We've attributed this growth to 4 pillars
1) Creating demand for the best selling product 2) Implementing a video strategy 3) Testing new placements 4) Email
Let's start with the first – creating demand for the best selling product. In December, we pulled a report at year-end to see which products sold the most. You can find this report in your analytics even on the basic plan. Taking this product, we discounted it slightly [10%] as the store never does discounts. We drafted a strategy around this, making sure that all communication included the deal. We didn’t create a discount code but rather marked down the price. In addition to this, the homepage banner (if someone went direct to site), communicated the sale. The way it was communicated didn’t sound cheap either, we called it “_____ Month”.. and consumers loved it. Roughly 80% of all sales in January came from that specific product.
The second, implementing a video strategy, somewhat goes hand in hand with the first pillar.
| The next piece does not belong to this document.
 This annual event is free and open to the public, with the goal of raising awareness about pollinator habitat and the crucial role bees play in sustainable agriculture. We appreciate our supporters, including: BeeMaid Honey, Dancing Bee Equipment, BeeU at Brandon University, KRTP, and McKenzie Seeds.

The video content was testimonial based. We had 4 different people talking about the product benefits in roughly a 1 minute video [10-15 seconds each]. The video was communicated through the same audiences we’ve been targeting for over a year. However, we added a secondary touchpoint to people who viewed at least 50% of the first video. This secondary touchpoint was a more digestable 10 second video clip that was literally just a cut of the longer 1 minute video [each testimonial]. I was able to rotate 4 different testimonials throughout the month, each showing a different benefit and effectively decreasing frequency and diminishing returns!
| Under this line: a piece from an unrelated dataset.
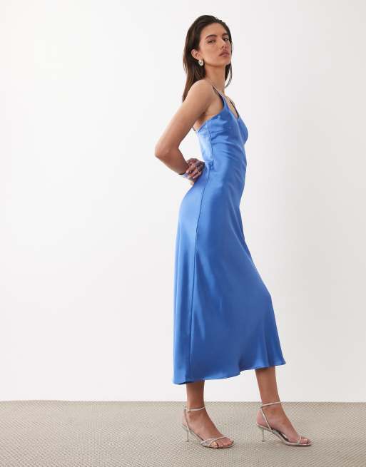 ONLY - Vestido semilargo azul con cuello de pico

The third pillar, testing new placements. We had the video re-oriented for Instagram Stories, and man, was that a good call. We skewed the audience a little younger, using the same criteria as the other ad sets, and duplicated the 10-15 second testimonials. Originally, we only wanted to put 15% of the monthly budget towards this new tactic, but it was so successful, that it ended up being a 50/50 split by the end of the month. Adjustments needed to be made daily to the budget split differential, but it definitely paid off! With that said, the content looked extremely organic, as they were testimonials of real clients. We wouldn’t suggest doing this with a static image. Always have an overlay of the content with “swipe up to learn more”!
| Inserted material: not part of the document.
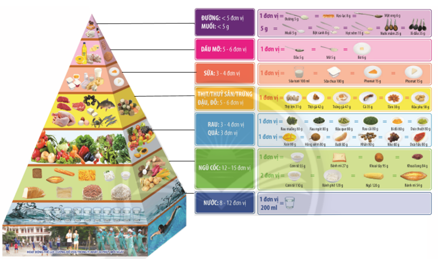Hình 2: Tháp dinh dưỡng hợp lí cho người trưởng thành (giai đoạn

Lastly, emails. we would recommend funneling here, but the truth is, we didn’t even do that. The video strategy caused both traffic volume and quality to increase dramatically - we were able to capture 300% more emails than any other month! We sent out an email blast twice a week for a total of 8 in the month. 4 were sales focused and 4 were content focused – we just wanted people to come back to site. We probably could have squeezed 5-10 more orders if we funneled and segregated by open rate, but the focus of the month was video. Either way, we grew our list dramatically and monetized it to the best of our ability (considering the scarcity of time).
To conclude, growth can occur despite constraints on budgets, products and audiences. Drafting a promotion within your current offerings is the way. Take a few hours, step back, analyze your data and draft a promotion around it that will create demand.